By Zehuan Shi
Today, distributed microservices are indisputably the mainstream architectural pattern. Microservices divide complex large-scale systems into loosely coupled microsystems, enabling more flexible iteration and higher fault tolerance in large-scale systems. For individual microservices within this architecture, horizontal scaling is supported, allowing flexible adjustment of resources used by each service based on business needs. To properly invoke a multi-replica service, two fundamental issues need to be addressed: service discovery and load balancing. As a deployment platform widely used in the industry, Kubernetes solves the problem of service discovery and load balancing through service in a non-intrusive manner.
However, confronted with increasingly complex business scenarios, Kubernetes service still has some unsatisfactory aspects. For example, its load balancing algorithm only supports random. For some specific scenarios, the performance of the random algorithm is poor and there is no room for tuning. Therefore, more and more microservice operation and maintenance teams choose Service Mesh as the network infrastructure, which provides more powerful load balancing capabilities than Kubernetes on the basis of Kubernetes services.
In this article, the author will analyze the implementation principles and usage scenarios of various Service Mesh load balancing algorithms, and provide a reference for the selection of Service Mesh load balancing algorithms.
Kubernetes Service implements connection-level load balancing through iptables rules. This load balancing does not need to invade the application but directly performs DNAT on the traffic from the network level to realize load balancing. However, load balancing of Kubernetes has some significant shortcomings.
First of all, since it uses iptables rules to implement load balancing, which makes the time complexity of the Kubernetes load balancing algorithm O(n), the performance of the load balancing may be significantly affected when the cluster size gradually expands.
Second, it only supports random load balancing algorithms, which do not strictly distribute requests evenly across backend instances. Due to its implementation based on iptables rules, it operates at Layer 3 (IP layer) and can only achieve load balancing at Layer 4, that is, at the TCP connection level. However, most mainstream applications today use HTTP/GRPC protocols for communication.
Therefore, Kubernetes Service load balancing based on iptables rules is inherently unable to achieve request-level routing. In contrast, Service Mesh control plane obtains workload and service information from the Kubernetes cluster's ApiServer and distributes this information to Sidecars. Leveraging its Layer 7 capabilities, Service Mesh enables request-level load balancing for HTTP/GRPC requests. It also supports a variety of load balancing algorithms suitable for different scenarios. Users can choose the appropriate load balancing algorithm based on their service's characteristics, optimizing resource utilization more effectively.
Alibaba Cloud Service Mesh (ASM) provides a variety of load balancing algorithms, including RANDOM, ROUND_ROBIN, and LEAST_REQUEST, which are compatible with the Istio community, and PEAK_EWMA, which is unique to ASM. In the following sections of this article, the author will systematically analyze the characteristics of each load balancing algorithm and their respective application scenarios.
ASM provides the classic RANDOM and ROUND_ROBIN algorithms. For random load balancing, unlike, Kubernetes services, ASM Sidecars work at Layer 7. Therefore, ASM Sidecars can provide request-level random load balancing for HTTP and GRPC communications. Random load balancing cannot guarantee that requests will be evenly distributed among backend servers due to the inherent unpredictability of random calculations. If both the performance of the workload and the computational load generated by requests are relatively balanced, using a round-robin algorithm for load balancing can be considered. The round-robin algorithm evenly distributes requests across backend workloads. These two algorithms are widely used in load balancing across various distributed systems. They are simple, intuitive, and supported by almost all load balancing hardware and software. However, in practice, there are scenarios where their performance may not meet expectations.
The RANDOM and ROUND_ROBIN load balancing algorithms do not consider the status of the backend service at all and only use the local status to calculate the load balancing result. Therefore, the status change of the backend service does not affect the load balancing calculation result at all, which leads to unsatisfactory load balancing decisions.
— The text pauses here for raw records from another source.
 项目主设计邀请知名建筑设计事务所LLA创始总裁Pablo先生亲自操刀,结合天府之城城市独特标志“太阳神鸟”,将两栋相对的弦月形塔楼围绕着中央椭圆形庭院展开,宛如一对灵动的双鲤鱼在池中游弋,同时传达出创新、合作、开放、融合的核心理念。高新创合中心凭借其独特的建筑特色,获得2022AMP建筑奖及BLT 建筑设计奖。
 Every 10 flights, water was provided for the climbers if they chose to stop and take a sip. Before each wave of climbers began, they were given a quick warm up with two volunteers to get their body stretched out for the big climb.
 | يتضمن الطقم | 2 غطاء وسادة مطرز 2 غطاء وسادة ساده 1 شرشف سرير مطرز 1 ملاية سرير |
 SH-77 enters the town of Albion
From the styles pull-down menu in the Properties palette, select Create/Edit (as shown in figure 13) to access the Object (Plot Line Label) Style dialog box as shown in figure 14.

For example, in the following scenarios:
When backend processing capabilities are uneven, evenly distributing requests can actually degrade service quality. Due to the uneven backend load capabilities, weaker servers may become overloaded sooner. Despite this, traditional load balancing algorithms continue to distribute requests evenly across all servers. Requests routed to already overloaded servers exacerbate their load, further deteriorating service latency and overall performance. For example, in the diagram below, Server-1 has greater processing capacity and can accept new requests, whereas Server-2 is already overloaded. However, random or round-robin load balancing algorithms still direct new requests to Server-2 instead of the less burdened Server-1. This results in significantly prolonged response times for these requests due to Server-2's overload.
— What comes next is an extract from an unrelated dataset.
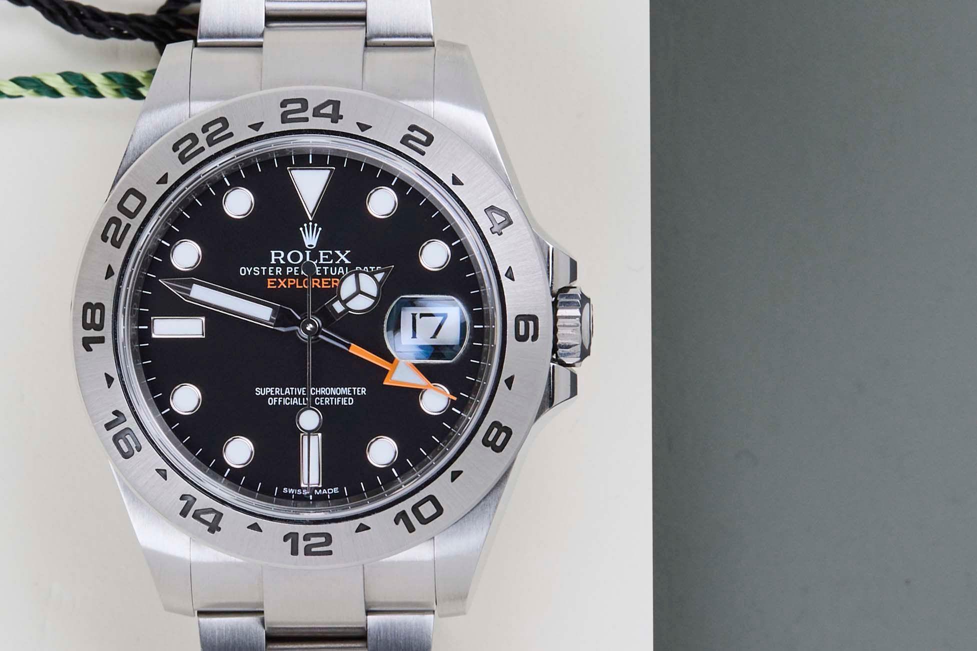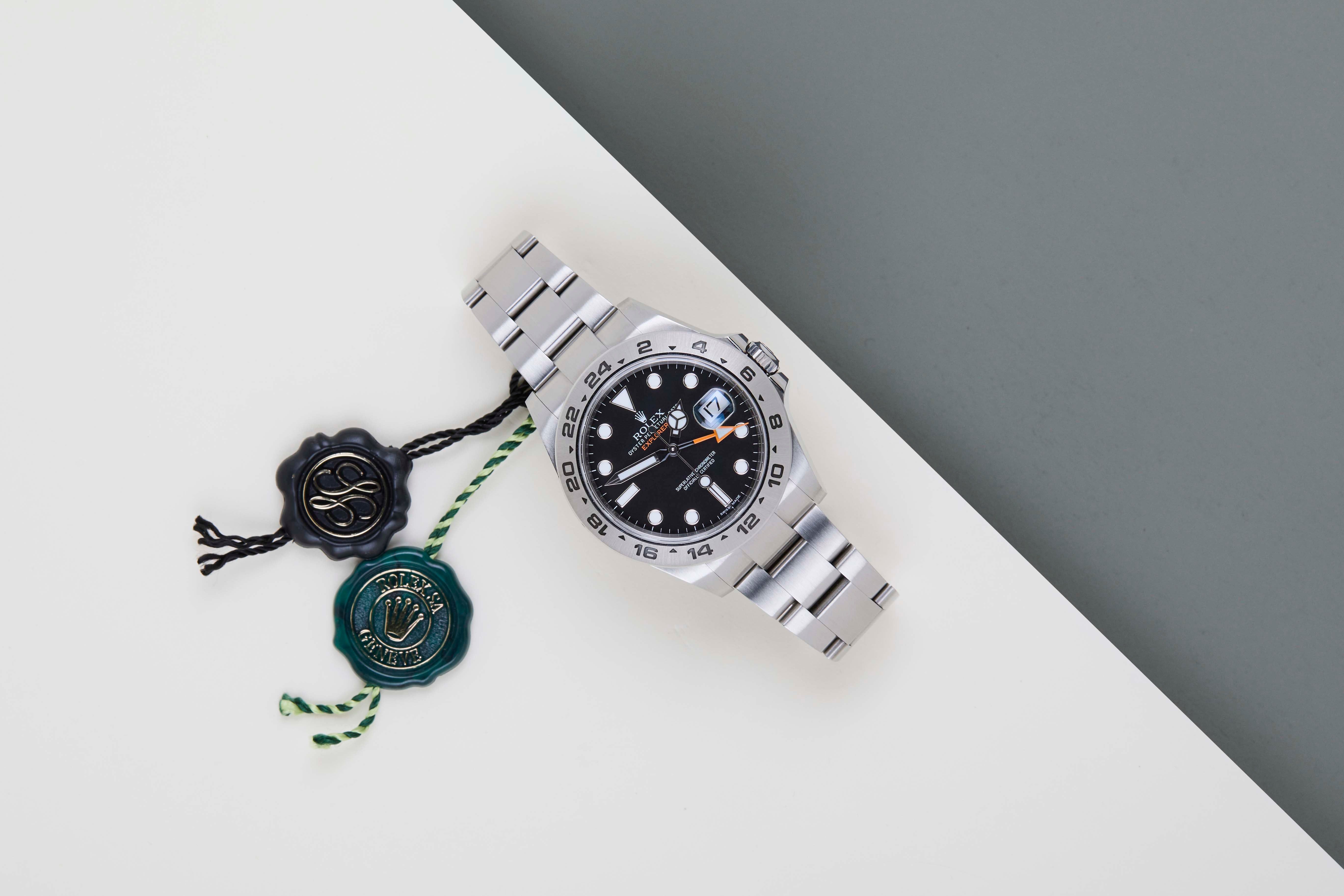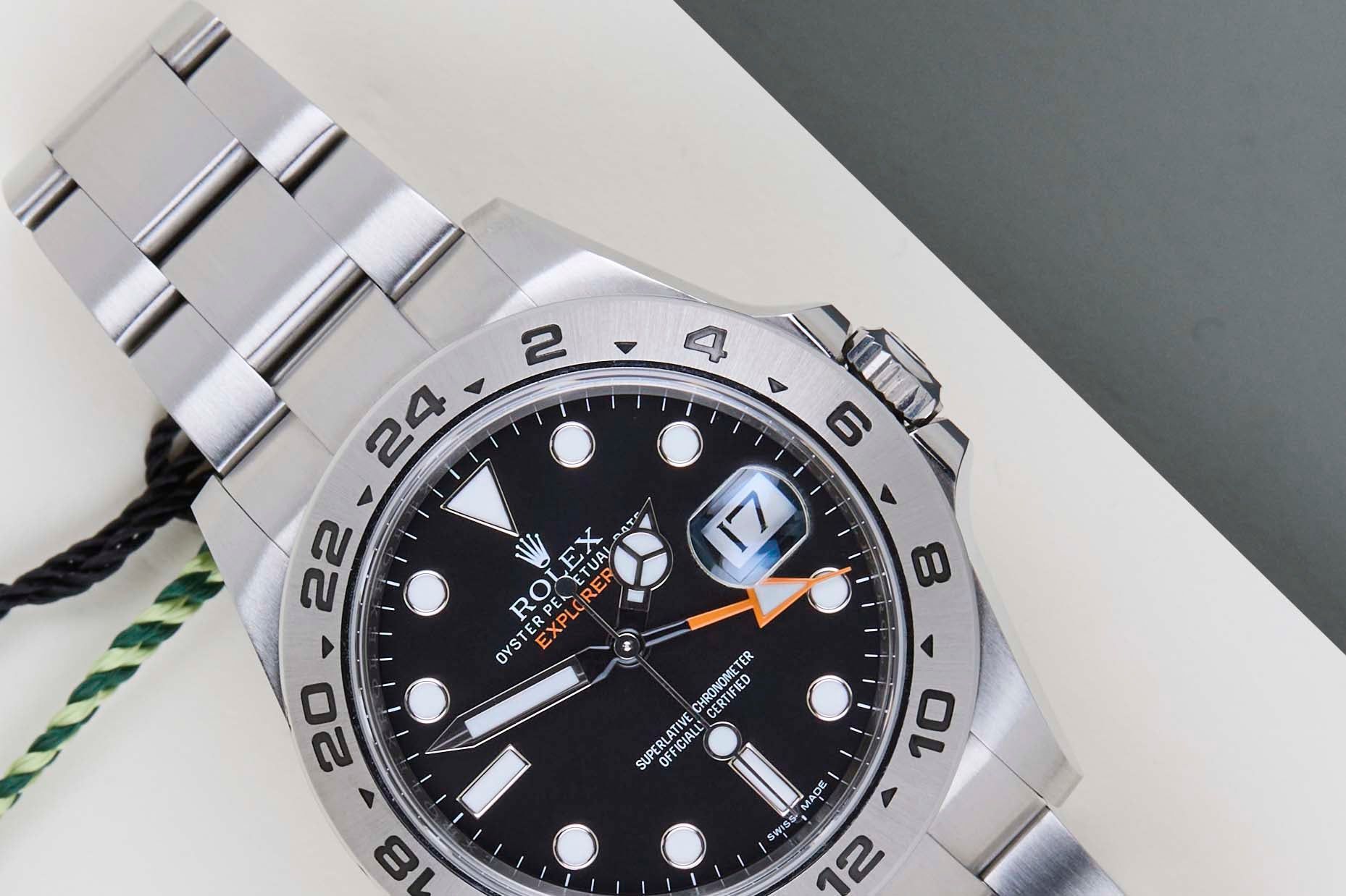 Este Rolex Explorer II 'Mostrador Preto' foi vendido pela primeira vez em janeiro de 2016. O explorador vem equipado com uma pulseira Oyster, que conta com o Easylink. Esta extensão permite ao usuário aumentar ou diminuir a pulseira em 5 milímetros, melhorando a usabilidade e o conforto do relógio.

Even if backend processing capabilities are similar, the pressure caused by similar requests on the backend can vary significantly. A typical example is in LLM applications, where prompts like "write me a novel" and "what is the time" can vary drastically in computational intensity. This difference can lead to significant variations in response times. For instance, in the example below, both Server-1 and Server-2 are handling two requests. However, Server-2 is processing a request with heavy computation, causing it to become overloaded. Yet, random or round-robin load balancing algorithms still direct new requests to Server-2 instead of the less burdened Server-1. This results in significantly prolonged response times for these requests due to Server-2's overload.
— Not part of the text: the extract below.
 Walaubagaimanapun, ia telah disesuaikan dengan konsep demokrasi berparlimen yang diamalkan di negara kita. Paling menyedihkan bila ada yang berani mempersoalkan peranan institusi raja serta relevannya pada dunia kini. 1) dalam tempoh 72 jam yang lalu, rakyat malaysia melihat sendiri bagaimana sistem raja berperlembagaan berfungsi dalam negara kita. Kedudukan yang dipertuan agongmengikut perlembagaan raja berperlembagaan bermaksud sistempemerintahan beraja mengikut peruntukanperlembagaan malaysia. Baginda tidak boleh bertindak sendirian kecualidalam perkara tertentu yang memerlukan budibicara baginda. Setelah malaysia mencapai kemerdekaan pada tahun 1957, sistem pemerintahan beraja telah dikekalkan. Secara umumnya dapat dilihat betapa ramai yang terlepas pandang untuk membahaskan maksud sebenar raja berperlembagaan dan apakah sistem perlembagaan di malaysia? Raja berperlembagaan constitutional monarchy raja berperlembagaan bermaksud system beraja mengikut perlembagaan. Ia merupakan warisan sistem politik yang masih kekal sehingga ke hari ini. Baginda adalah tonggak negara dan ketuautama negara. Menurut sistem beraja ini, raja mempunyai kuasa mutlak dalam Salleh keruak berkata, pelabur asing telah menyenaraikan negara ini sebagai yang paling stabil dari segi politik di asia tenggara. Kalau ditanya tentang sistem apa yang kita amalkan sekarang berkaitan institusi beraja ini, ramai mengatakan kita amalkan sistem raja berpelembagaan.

Even in scenarios where computational load of requests are roughly equal, erroneous requests can still lead to similar issues. For example, if a client sends an incorrect request and the server fails the validation without further processing, this can indirectly cause uneven computational loads among requests.
The deficiencies of RANDOM and ROUND_ROBIN are essentially caused by the load balancing’s inability to perceive the status of the backend. Theoretically, the optimal load balancing decision should be made based on the real-time status of the backend and the potential computation amount of the request. However, both of them have great challenges in the real load balancing implementation. Is there a way to indirectly perceive the status of the backend? The author will introduce the other two load balancing algorithms supported by ASM in the following sections.
If the user does not specify the LEAST_REQUEST algorithm, the LEAST_REQUEST algorithm is used as the default load balancing algorithm provided by ASM. This load balancer records the number of outstanding requests on each backend. Backends with stronger processing capabilities consume this count faster because requests are completed faster. The load balancer leverages this phenomenon to indirectly perceive the backend's pressure status and always routes requests to the backend with the fewest number of incomplete requests.
Next, let's see the advantage of the LEAST_REQUEST algorithm through an example. First, consider the scenario of uneven backend processing capacities mentioned earlier. At the time T1, the load balancing assigns 3 requests each to Server-1 and Server-2. Due to Server-1's greater concurrent processing capacity, by the time T2, Server-1 has completed processing all 3 requests, while Server-2 still has one request pending. Since LEAST_REQUEST always directs requests to the backend with the fewest ongoing requests, any new incoming requests will be routed to Server-1, which has a lower load at that moment.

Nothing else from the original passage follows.